Incoming CEO Jared Kittelson addresses the guests attending the Ashton Family Field dedication.

Seven years ago, Jared Kittelson went to dinner with a friend of a friend to talk about a golf tournament. He had no idea that he would leave that dinner headed down new path—one that would lead him to be the next CEO of the Foundation for Blind Children. Jared thought he was going to pitch a potential partner, but in the end, he was the one being pitched.

What was being sold to Jared was a job at the Foundation for Blind Children as its Director of Education Services. It was a bit of a shock, but Jared was willing to listen. At the time, he worked for the Valley of the Sun YMCA and had no experience working with people who are visually impaired. What Jared did have though was a long track record of successful leadership, an entire career working in education, and a dedication to serving under-served kids.

Learning to Serve

Like most twenty-two-year-olds, Jared had no idea what he wanted to do after college. The only thing he knew was that he liked working with kids, so he took a job at a camp for adjudicated teens in rural Georgia.

It was a hard couple of years and the kids Jared worked with came to him facing all sorts of challenges, but it was rewarding work, and it taught Jared a lot.

“These tough kids were really just boys who weren’t tucked in when they were little,” Jared said. “They had to grow up too early, so I need to build trust with them so they could just be kids again.”

Jared supported kids on an individual level, but this experience showed him that what was needed was systemic change for populations that needed help. He started thinking larger and set his sights on helping more people.

Changing Systems

 

Jared moved to Phoenix, got a master’s degree in secondary education, and began teaching at an alternative high school. Within just two years, he was asked to step up during a crisis and became the principal of his school.

“They quite literally handed me the keys,” said Jared, “and they told me I was in charge.”
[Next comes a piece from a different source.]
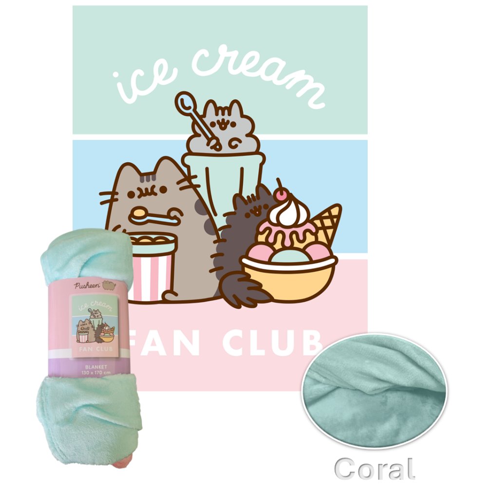 Mäkučká deka z korálového flísu s motívom Pusheen – Klub milovníkov zmrzliny poteší všetkých fanúšikov tejto roztomilej mačičky. Je hebká, hrejivá a ideálna na leňošenie doma aj na cestách. Jej farby zostávajú výrazné aj po mnohých praniach a jej rozmery sú 130 × 170 cm.

A child wearing a black graduation cap holds a certificate and her white cane surrounded by her smiling teacher and Jared at graduation.

At only twenty-six, Jared found himself in charge of 20 staff and 400 students. It was a crash course in leadership, but Jared was able to manage the crisis. Within a few years, he was in charge of twenty-three schools in three states. Finally, he was able to help shape systems for marginalized populations.

Changing the World of Vision Education

When Jared began working at FBC in 2017, he knew he had a lot to learn. He knew a lot about education and how to motivate a team of educators, but this was an entirely new challenge. He dove headfirst into his new role and found the challenge to be exciting. He gave his team at FBC a mandate.

“I said there were two non-negotiables: you have to be nice to each other, and you have to care about kids.”

As long as the team worked well together and were invested in the mission, everything else would follow. In his time at FBC, Jared has overseen the preschool’s growth into the largest school for the blind in the country. He has rafted the Grand Canyon with a group of visually impaired teens. He has worked to make FBC an efficient, effective, and sustainable organization.

“FBC has been around for over seventy years, and my job is to make sure it is around for another seventy.”

Jared is stepping into the role of CEO of FBC, and he does so with immense optimism. He is excited to face whatever comes next and is grateful to take over such a healthy organization. As Jared said, “FBC is about hope, not pity. It’s always about what’s possible.”

FBC’s new objective is to ensure that everyone with vision loss in Arizona has access to the education and services they need. Jared’s goal is to make that objective a reality, so nobody goes without.